Kejadian 3:19 menegaskan: “Dengan berpeluh engkau akan mencari makananmu, sampai engkau kembali lagi menjadi tanah, karena dari situlah engkau diambil; sebab engkau debu dan engkau akan kembali menjadi debu.” Inilah peristiwa paling tragis dari semua peristiwa. Coba bayangkan, manusia pertama hidup dalam dunia yang sempurna, sebab Allah menciptakan bumi dalam keadaan “sungguh amat baik.” Seharusnya manusia tidak mengalami kematian, karena memang Allah tidak mendesain manusia untuk mati. Namun ketika manusia gagal mencapai standar kesucian yang Allah kehendaki—gagal memiliki gambar dan rupa Allah—maka manusia harus mati.

Keindahan dalam kekekalan yang dimiliki manusia sebelumnya pupus dan ini tragis sekali. Hidup menjadi tragis. Manusia yang gagah, cantik, kaya, terhormat, berpangkat, bergelar, atau berkedudukan tinggi, pasti mati. Seandainya manusia diberi kesempatan hidup seribu tahun, sepuluh ribu tahun, bahkan sejuta tahun, tetapi bila ada ujung akhirnya, itu tetap mengerikan. Hidup di bumi, di mana manusia pasti mati dan dunia semakin rusak, adalah kenyataan tragis. Namun banyak orang tidak menghayati ketragisan ini. Secara logika mereka tahu bahwa hidup ini tragis, tetapi mereka tidak mampu menghayatinya. Akibatnya, mereka tidak mempersiapkan diri secara proporsional, benar, dan memadai untuk kehidupan setelah kematian.

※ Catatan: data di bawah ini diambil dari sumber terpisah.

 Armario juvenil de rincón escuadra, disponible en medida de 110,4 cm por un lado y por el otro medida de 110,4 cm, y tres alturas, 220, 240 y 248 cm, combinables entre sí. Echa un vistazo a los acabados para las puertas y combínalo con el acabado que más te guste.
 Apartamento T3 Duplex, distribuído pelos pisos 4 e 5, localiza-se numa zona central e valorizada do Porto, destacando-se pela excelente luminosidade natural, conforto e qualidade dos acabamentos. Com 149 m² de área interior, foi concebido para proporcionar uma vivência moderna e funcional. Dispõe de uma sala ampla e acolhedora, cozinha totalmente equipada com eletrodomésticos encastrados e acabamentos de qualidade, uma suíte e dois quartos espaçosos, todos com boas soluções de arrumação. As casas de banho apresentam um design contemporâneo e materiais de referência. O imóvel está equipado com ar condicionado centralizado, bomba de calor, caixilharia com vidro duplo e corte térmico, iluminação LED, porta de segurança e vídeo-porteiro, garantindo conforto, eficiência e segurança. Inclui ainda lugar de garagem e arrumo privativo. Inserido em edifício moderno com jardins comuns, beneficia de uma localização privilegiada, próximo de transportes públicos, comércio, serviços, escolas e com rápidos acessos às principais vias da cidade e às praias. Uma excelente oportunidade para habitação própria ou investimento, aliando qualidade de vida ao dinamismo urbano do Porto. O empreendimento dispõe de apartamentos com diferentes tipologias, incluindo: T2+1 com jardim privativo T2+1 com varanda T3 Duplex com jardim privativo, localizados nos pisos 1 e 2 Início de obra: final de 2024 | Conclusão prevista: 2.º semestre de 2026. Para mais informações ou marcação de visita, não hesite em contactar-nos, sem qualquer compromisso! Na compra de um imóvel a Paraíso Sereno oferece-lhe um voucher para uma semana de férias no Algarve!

Mengapa manusia tidak mampu menghayati ketragisan hidup? Pertama, karena mereka tidak memiliki pemahaman yang cukup mengenai kebenaran. Kedua, karena mereka sudah terlanjur memiliki cita rasa dunia, sehingga hidup mereka dibelenggu oleh obsesi dan keinginan untuk meraih sebanyak mungkin hal-hal duniawi demi kelengkapan dan kebahagiaan hidup.

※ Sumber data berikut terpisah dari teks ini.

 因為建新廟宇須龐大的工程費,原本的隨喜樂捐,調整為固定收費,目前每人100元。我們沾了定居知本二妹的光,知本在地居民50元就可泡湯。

Sejujurnya, banyak di antara kita yang masih ingin memiliki ini dan itu, dengan harapan bila memilikinya, hidup terasa lebih lengkap dan bahagia. Tetapi di sinilah kita gagal melihat ketragisan hidup. Orang yang serakah pasti tidak mampu menghayati ketragisan hidup. Orang yang masih mengingini dunia mustahil bisa menghayatinya. Akibatnya, orang seperti ini tidak mempersiapkan hidupnya untuk kekekalan. Tragisnya lagi, hampir semua manusia terbelenggu oleh cinta dunia sehingga tidak menyadari betapa tragisnya hidup ini.

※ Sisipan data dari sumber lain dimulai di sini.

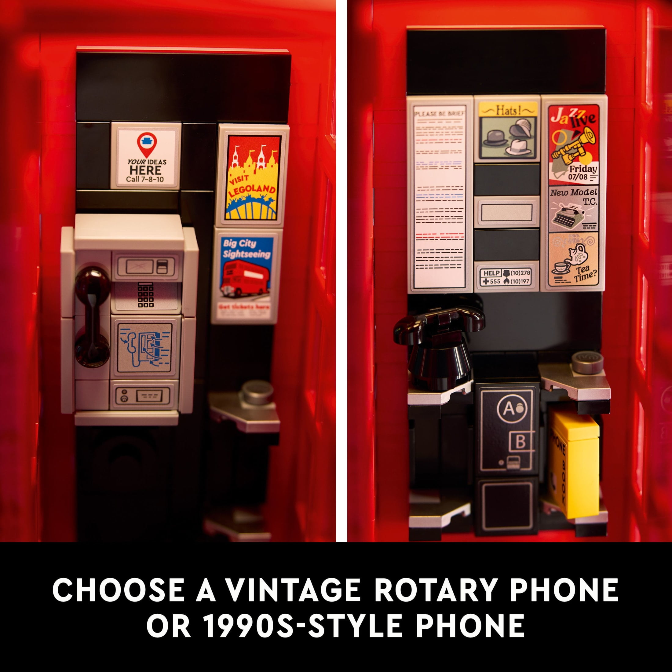 Red London Phone Box display model for adults – A fun gift idea for travelers, this LEGO Ideas set lets you create a brick built version of a British cultural icon, the K2 London telephone box London souvenir gift – This creative building set features an authentically detailed telephone box on a cobbled street, a lamppost with hanging flower baskets, a flowerpot and a fence with a road sign Fun LEGO set with 2 build options – Customize the interior of the London phone booth with either the iconic rotary phone or a 1990s-style phone, both with sticker decorations Buildable decor for your home or office desk – Press the button on the roof of the booth to activate the LEGO light brick inside, and use the fence as a cell phone stand Nostalgic gift idea for adults – Treat yourself or give this LEGO Ideas set as a British themed birthday gift to a travel lover or someone with passion for history The LEGO fans’ choice – This collectible LEGO set for adults is one of a diverse range of LEGO Ideas sets, each created by a fan designer, voted for by LEGO fans and produced by the LEGO Group Fun buildable decor for the home or office – This 1,460-piece build and display model measures over 12 in. (31 cm) high, 7.5 in. (19 cm) wide and 6 in. (15 cm) deep

Kapan seseorang baru bisa menghayati ketragisan hidup? Pertama, ketika ia berada di ujung maut, saat sekarat. Kedua, ketika ditinggalkan orang yang paling dicintai—orang tua, anak, atau pasangan hidup. Ketiga, ketika jatuh miskin, menderita sakit yang tidak ada obatnya, ketika tertindas, diperlakukan tidak adil, atau hidup penuh sengsara di bumi. Biasanya kesadaran itu baru muncul lewat pengalaman-pengalaman negatif. Tetapi seharusnya kita tidak menunggu hal-hal itu terjadi untuk sadar. Jika kita belajar kebenaran firman Tuhan, memiliki pemahaman yang cukup, dan mengalami perubahan cita rasa, maka kita tidak lagi terobsesi dengan dunia dan keindahannya. Barulah kita bisa menghayati ketragisan hidup. Tidak mudah namun hanya dengan menghayatinya, kita dapat mempersiapkan diri dengan benar untuk kehidupan kekal yang akan datang.